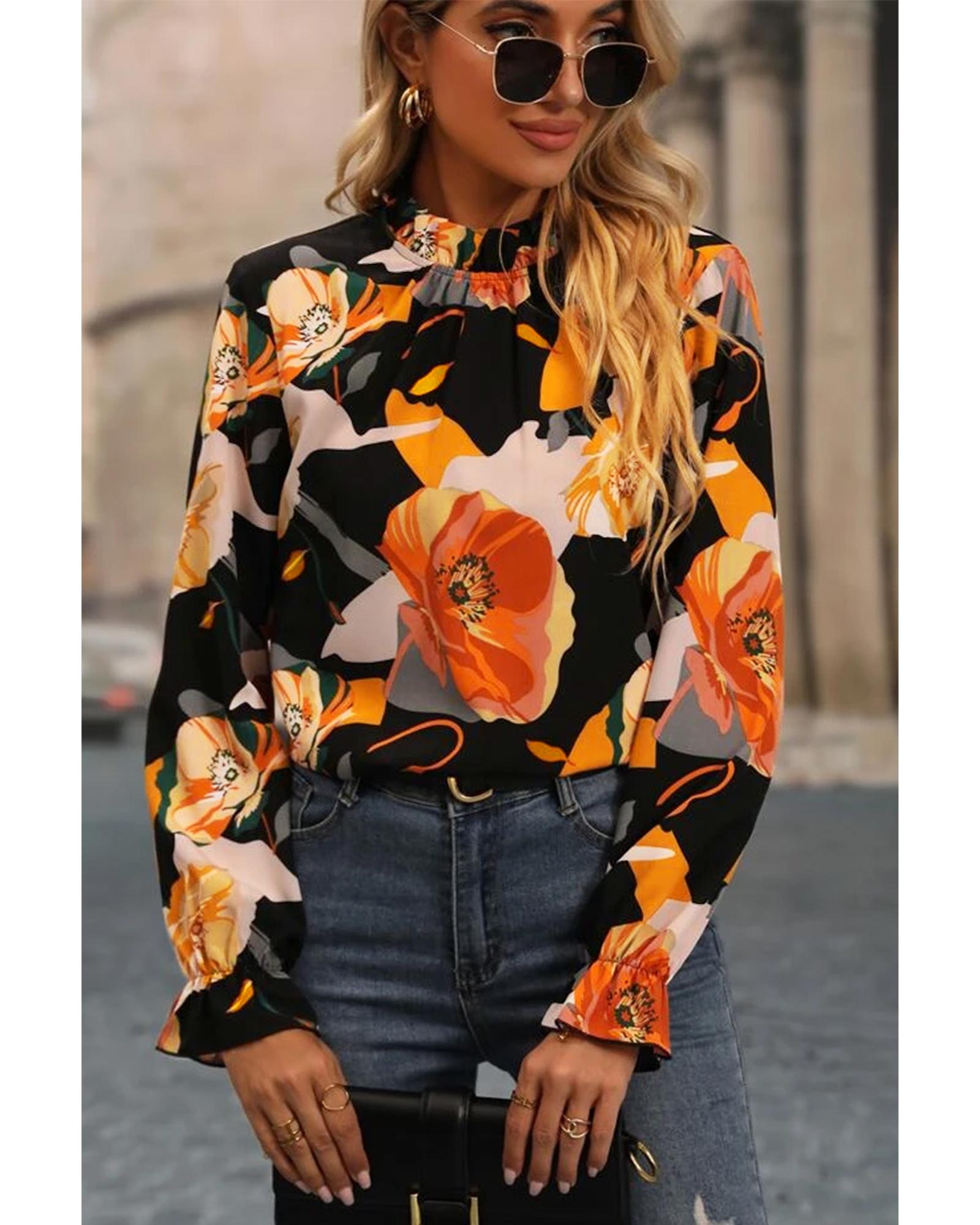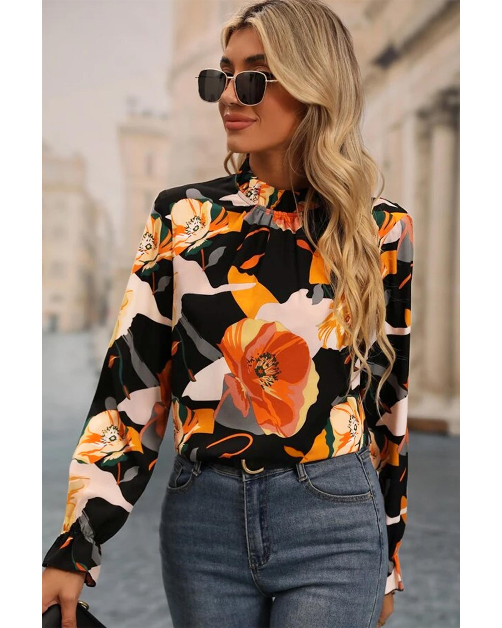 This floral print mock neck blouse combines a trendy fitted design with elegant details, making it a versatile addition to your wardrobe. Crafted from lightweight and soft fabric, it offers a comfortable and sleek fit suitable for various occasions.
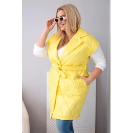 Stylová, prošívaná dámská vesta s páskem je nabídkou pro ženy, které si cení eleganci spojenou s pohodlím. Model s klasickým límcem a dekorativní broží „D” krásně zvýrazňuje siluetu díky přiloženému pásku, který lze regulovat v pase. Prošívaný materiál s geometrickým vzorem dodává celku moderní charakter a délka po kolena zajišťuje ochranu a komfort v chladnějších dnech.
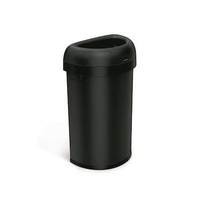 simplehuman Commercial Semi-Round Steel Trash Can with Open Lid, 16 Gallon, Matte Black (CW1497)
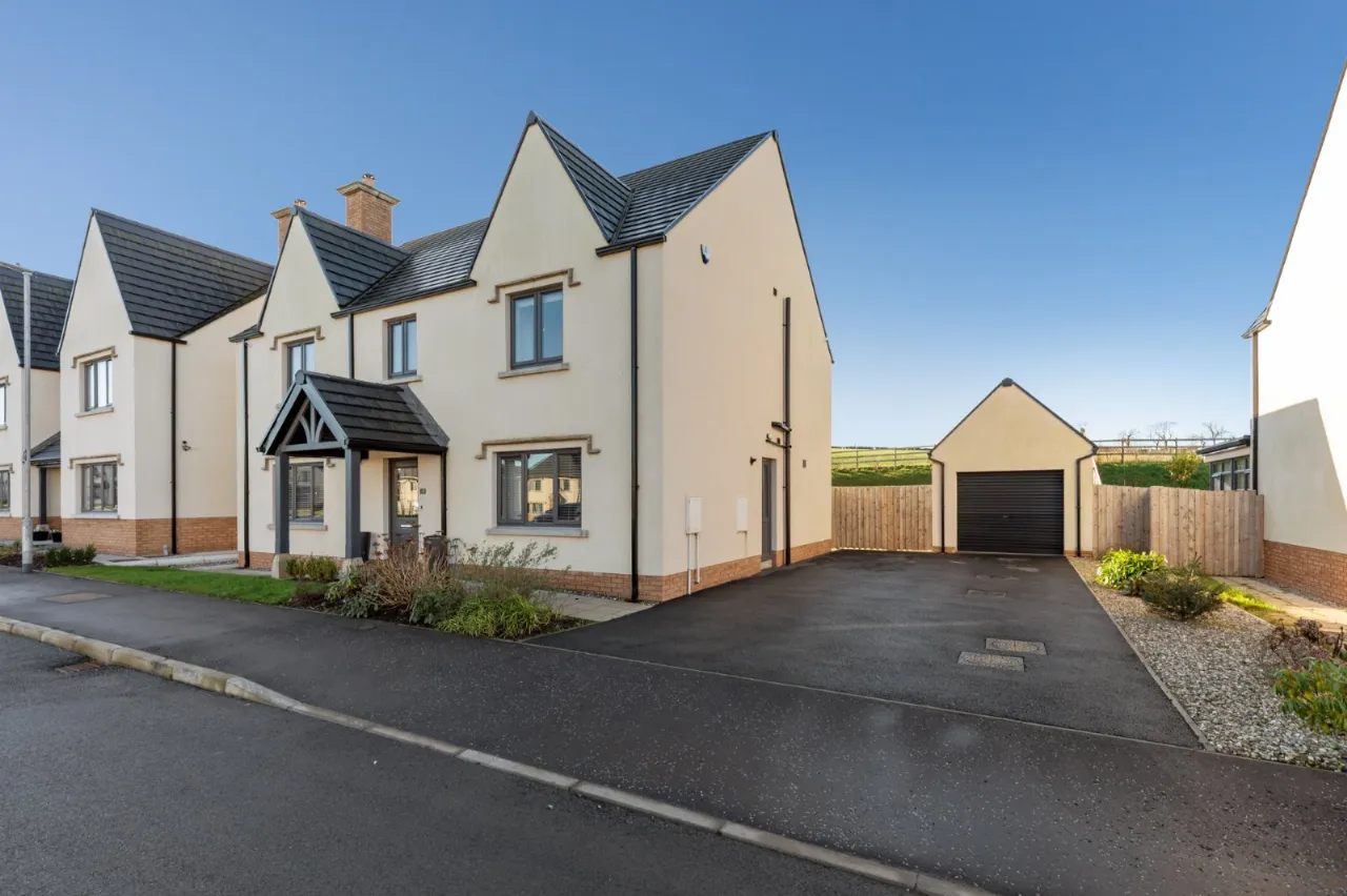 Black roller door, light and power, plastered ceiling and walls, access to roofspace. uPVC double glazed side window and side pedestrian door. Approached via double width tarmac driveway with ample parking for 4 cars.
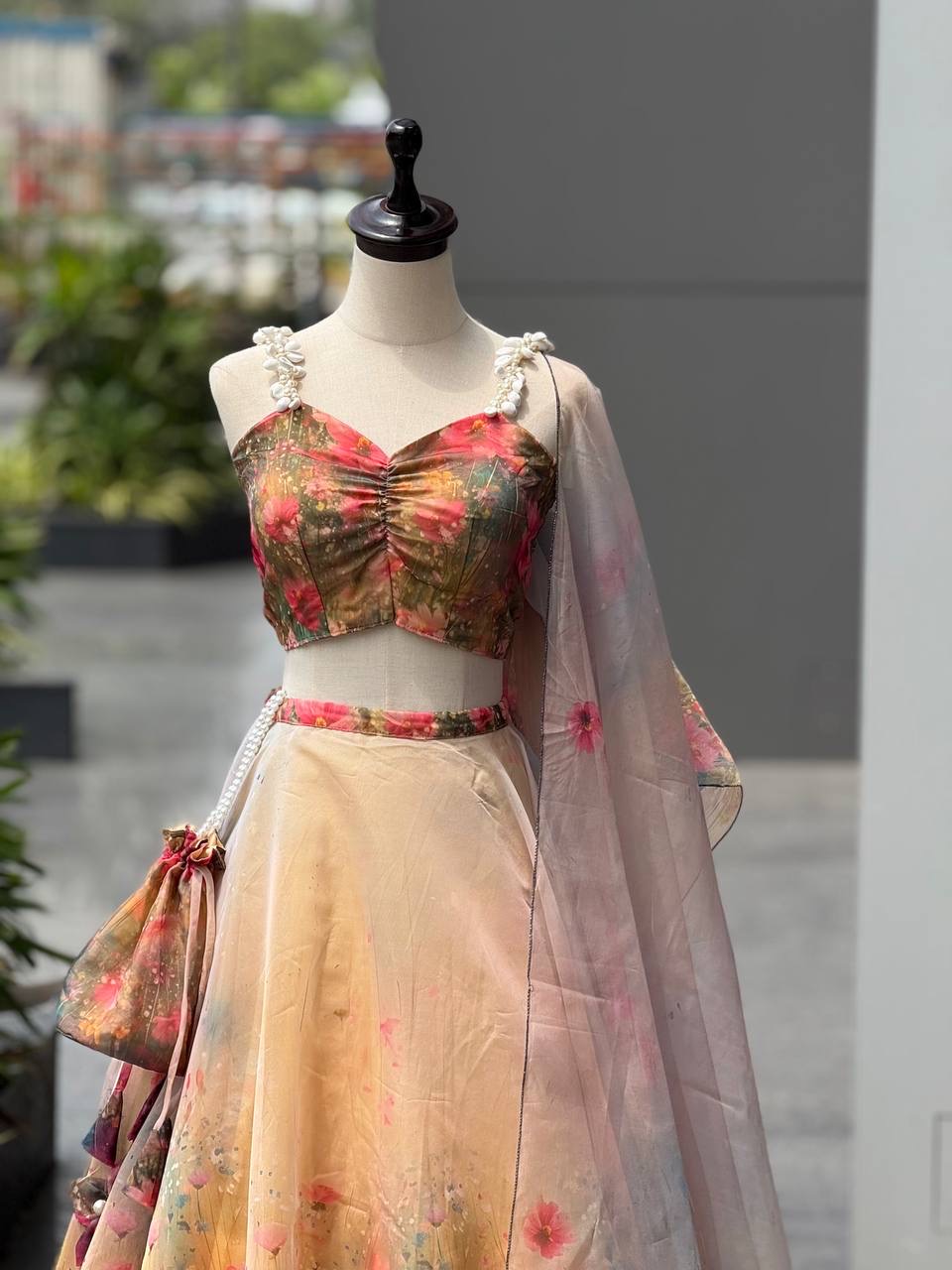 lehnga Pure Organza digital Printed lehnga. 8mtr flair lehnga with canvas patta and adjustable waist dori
---
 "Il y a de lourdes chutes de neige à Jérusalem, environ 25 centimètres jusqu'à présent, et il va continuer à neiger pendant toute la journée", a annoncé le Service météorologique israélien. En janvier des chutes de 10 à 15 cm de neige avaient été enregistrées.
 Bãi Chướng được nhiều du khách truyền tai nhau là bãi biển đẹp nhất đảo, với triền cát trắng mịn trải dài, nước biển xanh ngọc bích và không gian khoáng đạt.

▶ _Try it_: Output exactly the lines above that lie between the line with "simplehuman Commercial Semi-Round" and the line with "Black roller door, light", those two lines included, and no pictures.

▶ _Result_:
 simplehuman Commercial Semi-Round Steel Trash Can with Open Lid, 16 Gallon, Matte Black (CW1497)
 Black roller door, light and power, plastered ceiling and walls, access to roofspace. uPVC double glazed side window and side pedestrian door. Approached via double width tarmac driveway with ample parking for 4 cars.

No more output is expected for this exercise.